Most youth mental health service staff are ‘dedicated people with a strong sense of social justice. They want to meet the needs of young Aboriginal people,’ says Professor Michael Wright, Curtin School of Allied Health.

‘But they also know they don’t know how to do this.

‘For historical reasons, Aboriginal youth distrust mainstream organisations. For this reason, they often don’t seek help early for mental health issues.

‘Our Journey Our Story aims to build the capacity of mental health service staff. We want them to be flexible, confident, and competent in responding to the cultural needs of Aboriginal young people.’

Debakarn Koorliny Wangkiny (Steady Walking and Talking)

A Nyoongar man, Michael worked with Aboriginal Elders to develop the Debakarn Koorliny Wangkiny (Steady Walking and Talking) co-design framework (DKW).

DKW disrupts by questioning service providers’ ‘typical ways of working,’ Michael says. Participants are asked to commit to being motivated, present and teachable, respecting status, staying connected, and continually weaving.

DKW starts with going on Country

The DKW change process has 3 phases. It begins when mental health services staff go on Country with Aboriginal Elders and young people. They share experiences such as dance, art, preparing traditional foods, and walking through the bush. This activity deepens staff understanding of culture, kinship and spirit.

The second phase involves Storying. Participants build connections by sharing parts of their life stories. ‘This provides the foundation for meaningful relationships that can progress to trust and deeper connection,’ Michael says.

Aboriginal Elders and youth and mental health staff ‘usually have a deep self-realisation that change is possible!’ Michael says.

‘Our experience is that the changes they experience are profound.’

Co-design of youth mental health services

Relational work on Country creates an equitable framework where Aboriginal Elders and youth can co-design mental health services with mainstream providers. This is the third phase of DKW.

Prioritising cultural and community engagement ensures that mental health services are more appropriate for Aboriginal youth. It also enables culturally appropriate services to be sustained over time.

Proven Nyoongar research method

Our Journey Our Story is one of several projects that have used the DKW change framework.

In each project, Aboriginal Elders work ‘burdiya to burdiya’ (boss to boss) with partner mental health service providers to create positive organisational change.

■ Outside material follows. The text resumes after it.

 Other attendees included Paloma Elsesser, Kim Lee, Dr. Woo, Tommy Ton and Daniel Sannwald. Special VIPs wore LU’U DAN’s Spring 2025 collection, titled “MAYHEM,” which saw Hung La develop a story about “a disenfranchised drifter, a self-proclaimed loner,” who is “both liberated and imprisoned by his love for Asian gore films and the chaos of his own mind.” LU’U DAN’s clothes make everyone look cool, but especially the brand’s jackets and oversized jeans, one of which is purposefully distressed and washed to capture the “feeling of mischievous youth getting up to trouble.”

This impacts service partners’ governance and staff development and support. Aboriginal staff increase across most service partners. Services build capacity to embed innovative ways of working through their organisation.

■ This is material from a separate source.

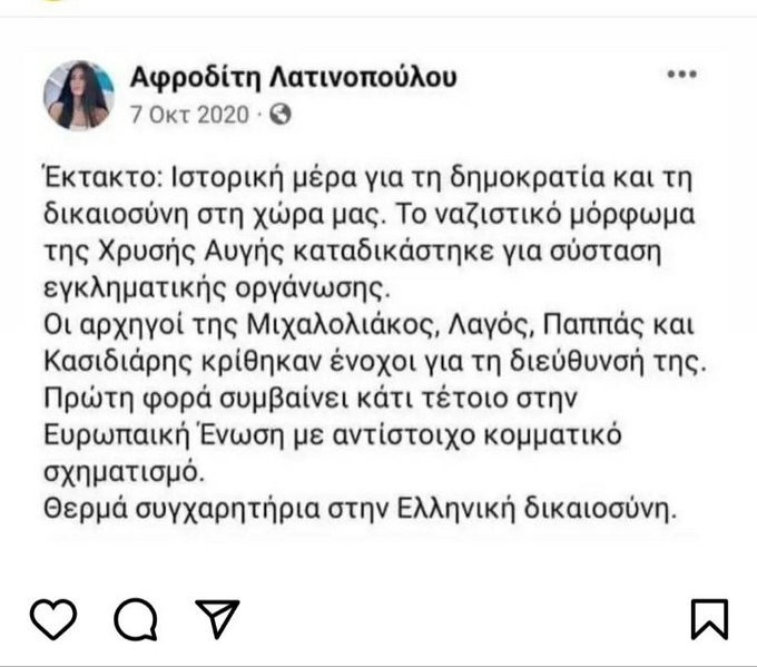 Το Εθνικό Μέτωπο είναι το μόνο πραγματικά εθνικιστικό κόμμα που κατεβαίνει σε αυτές τις εκλογές και με παρουσία στο δρόμο, εκδηλώσεις κ.λπ. Όλοι οι διακόσιοι άλλοι δεξιά της ΝΔ (και η Λατινοπούλου) ανήκουν στον ευρύτερο χώρο της συντηρητικής δεξιάς. Δεν είναι εθνικιστές. Και μιλάμε για ένα άτομο που το 2020 στην καθεστωτική καταδίκη της Χρυσής Αυγής πανηγύριζε στα social για την ελληνική δικαιοσύνη. Τόσο αντισυστημική και επαναστάτρια είναι.Εδώ ο κύριος κράζει τη Λατινοπούλου (γκομενάρα, by the way) συνεχώς γιατί φοβάται μην τον αποκαλέσουν ομοφοβικό ή ότι κάνει fat shaming, εξαιτίας των κατά καιρούς δηλώσεων της Λατινοπούλου. Όταν κι ο ίδιος επηρεάζεσαι τόσο από το σύγχρονο αφήγημα, δεν μπορείς να ζητάς καμία επανάσταση.

Evaluation surveys show that Aboriginal clients benefit when

  • ‘the worker understands that being Aboriginal means I sometimes have a different way of looking at the world’
  • ‘the worker took responsibility to make me feel safe in the service.’

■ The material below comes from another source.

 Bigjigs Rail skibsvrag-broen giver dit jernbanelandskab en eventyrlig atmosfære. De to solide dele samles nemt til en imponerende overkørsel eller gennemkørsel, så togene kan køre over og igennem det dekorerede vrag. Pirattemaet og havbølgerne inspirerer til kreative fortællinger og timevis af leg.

DKW for other Aboriginal groups

In Our Journey Our Story, for the first time Michael is trialling the DKW framework with another Aboriginal group, the Yawuru people in Broome.

‘We believe the principles that guide and underpin the DKW framework are universal principles. They are based on relational ways of working that fit with the Aboriginal world view,’ Michael explains.

But because DKW is a Nyoongar framework, Michael first asks Aboriginal people from other language groups if they are comfortable using the framework.

‘To date they have been fine with working with us,’ he says.

The measure of success

Michael evaluates the impact of each DKW co-design program. He surveys client experiences and service provider attitudes.

‘A critical measure for us is when a community asks us about a service, we can say with absolute confidence that it is safe for them to go there. In essence we are vouching for the service.’

Our Journey Our Story is funded by $2.5 million from the MRFF.